Manfaatkan Bahan Alami, Pengusaha Batik Ini Raup Omzet Rp 7 Juta/Bulan

Manfaatkan Bahan Alami, Pengusaha Batik Ini Raup Omzet Rp 7 Juta/Bulan

Aditya Mardiastuti - detikFinance
Rabu, 28 Sep 2016 19:02 WIB
Foto: Aditya Mardiastuti
Banyuwangi - Siapa sangka bahan-bahan yang ada di sekitar rumah bisa menjadi bahan pewarna alam yang murah. Hal inilah yang dirasakan oleh Sri Sukartini Gatot (68) saat memilih menggunakan pewarna alam untuk batik kreasinya.

Batik yang Diwarnai Menggunakan Pewarna AlamiBatik yang Diwarnai Menggunakan Pewarna Alami


Wanita yang akrab disapa Ninik ini mengaku konsisten menggunakan pewarna alam sejak memulai usahanya di tahun 2012. Pasalnya selain murah bahan pewarna alam juga bebas limbah.

SCROLL TO CONTINUE WITH CONTENT

"Kalau dulu harus mendatangkan bahan dari Jogja sekarang semua bahan bisa pakai yang ada di rumah. Misal warna hijau yang tadinya dari jelawe pakai daun mangga ternyata bisa jadi lebih murah dan tidak ada limbah," jelas pemilik Batik Sekar Bakung kepada detikFinance di Karangasem, kelurahan Bakungan, Banyuwangi , Rabu (28/9/2016).

"Kalau dari daun-daun selesai direbus jadi pupuk, kalau kayu atau kulit kayu dijemur kemudian untuk kayu bakar," imbuhnya.

Sri Sukartini Gatot (68) atau Ninik, Pengerajin Batik BanyuwangiSri Sukartini Gatot (68) atau Ninik, Pengerajin Batik Banyuwangi


Sebagian bahan-bahan pewarna yang digunakannya didapatnya dari pekarangan rumah.

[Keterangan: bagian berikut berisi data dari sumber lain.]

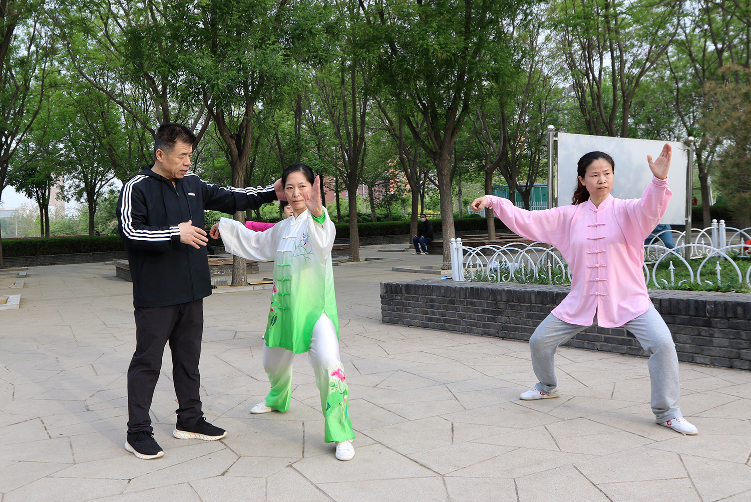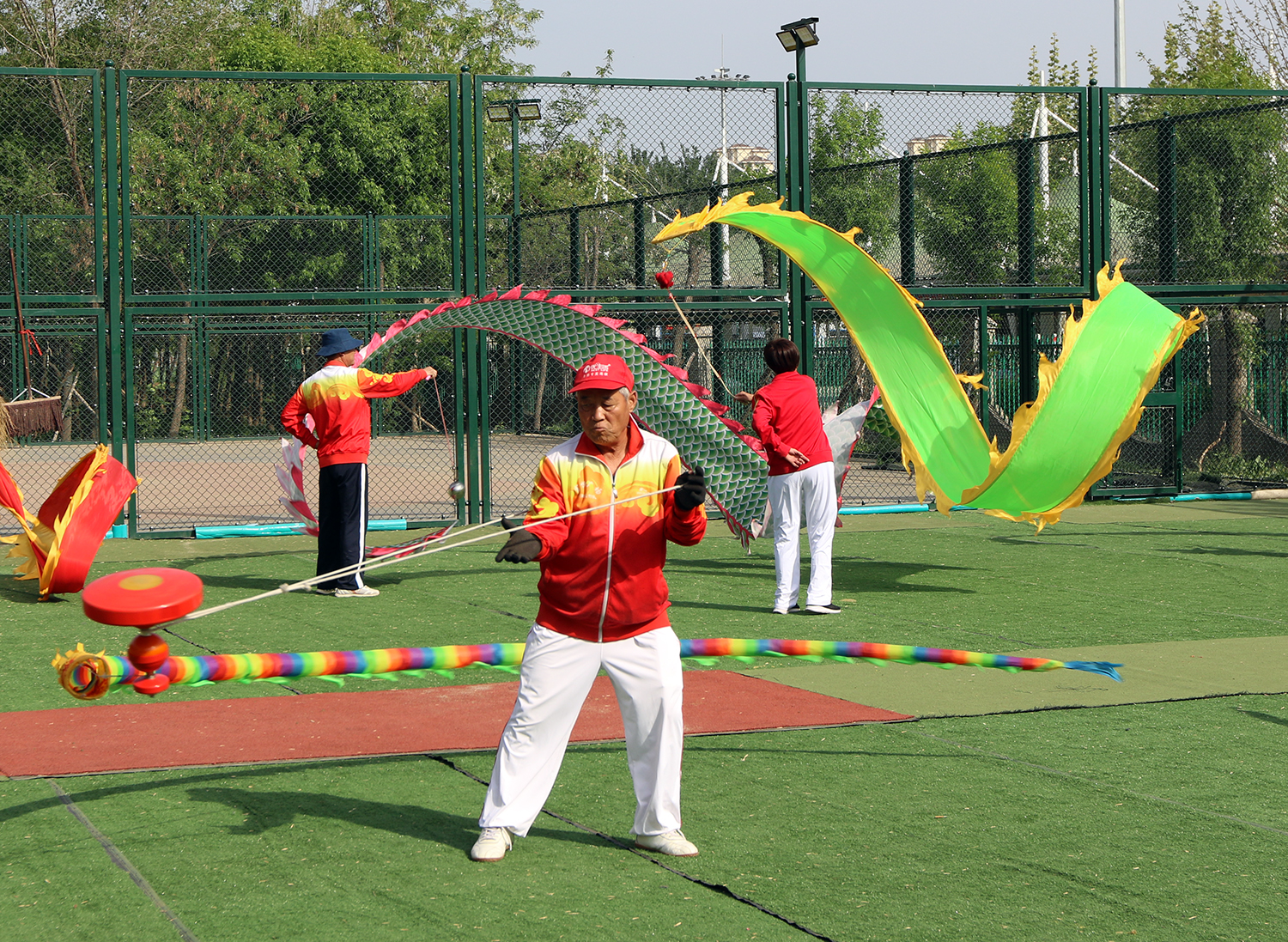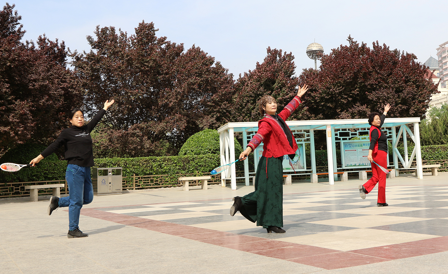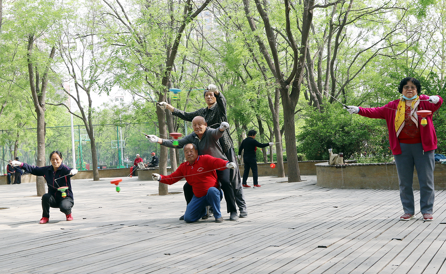中華南大街滏陽河南岸的籠式空竹場內市民在進行“抖空竹”運動。

Bahan yang digunakannya diantaranya daun lamtoro, daun ketepeng, daun mangga, putri malu, daun jati, kulit nangka, enceng-enceng, kangkung krangkong, kulit jengkol, limbah kulit kopi, kulit mahoni, secang dan lainnya.

Pewarna Batik yang Berasal dari Bahan AlamiPewarna Batik yang Berasal dari Bahan Alami


Ninik mengaku sejak mendapat pelatihan dari desainer Merdi Sihombing, bulan Agustus lalu memantik semangatnya untuk bereksplorasi menggunakan bahan yang ada di sekitar rumahnya. Apalagi hasil pewarnaan bahan alam tak selalu mulus.

"Kesulitannya selain hasilnya sulit diprediksi, maunya hijau setelah finishing bisa jadi abu-abu dan satu kain itu hasil warnanya bisa bervariasi. Belum lagi nglorot malamnya (lilin) itu sulit hilang. Selama empat tahun ini saya masih dalam proses belajar," tukas nenek dari lima cucu itu.

Proses pewarnaan kain batik menggunakan bahan alam diakui Ninik membutuhkan kesabaran dan ketelatenan. "Dari memola hingga selesai memakan waktu 3 minggu-1 bulan untuk kain ukuran 2,5 meter," ujarnya.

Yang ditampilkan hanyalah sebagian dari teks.